History

United States
- Name: USS Ibis
- Namesake: The ibis
- Builder: Globe Shipbuilding Company, Superior, Wisconsin
- Completed: 1917
- Acquired: June 1918
- Commissioned: 19 August 1918
- Fate: Returned to owner 3 March 1919
- Notes: Operated as commercial fishing trawler Sea Gull 1917-1918 and from 1919

General characteristics
- Type: Minesweeper
- Tonnage: 299 gross register tons
- Length: 141 ft 5 in (43.10 m)
- Beam: 23 ft 3 in (7.09 m)
- Draft: 13 ft 6 in (4.11 m) mean
- Speed: 11 knots
- Armament: 1 × 3-inch (76.2-mm) gun; 2 × machine guns;

= USS Ibis (SP-3051) =

Minesweeper of the United States Navy

The first USS Ibis (SP-3051), also listed as USS Ibis (ID-3051), was a United States Navy minesweeper in commission from 1918 to 1919.

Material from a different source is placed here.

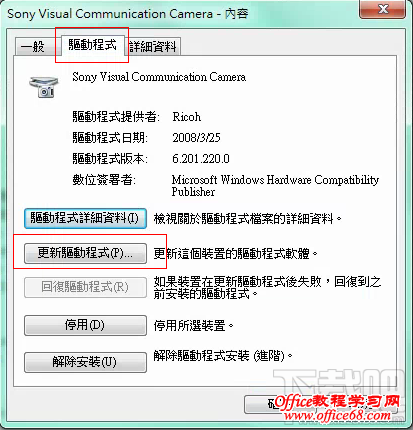第四步:在“Sony Visual Communication Camera“属性”中打开“更新驱动程序”

Ibis was built as the commercial fishing trawler Sea Gull by the Globe Shipbuilding Company at Superior, Wisconsin, in 1917. In June 1918, the U.S. Navy acquired her from her owner, the Atlantic Coast Fisheries Company of New York City, for use as a minesweeper during World War I. She was commissioned on 19 August 1918 as USS Ibis (SP-3051 or, perhaps retrospectively, ID-3051).

Assigned to the 1st Naval District in northern New England, Ibis operated for the remainder of World War I and into 1919. Sometime in mid-1918 she accidentally rammed the patrol vessel while Satilla was alongside the Hodge Boiler Works pier at Rockville, Maine. Satilla suffered considerable damage, with her hull buckled in on the port side and leaking, and was under repair for the next few months, not returning to duty until after the end of World War I.

Ibis was decommissioned after the end of World War I and was returned to her owner on 3 March 1919.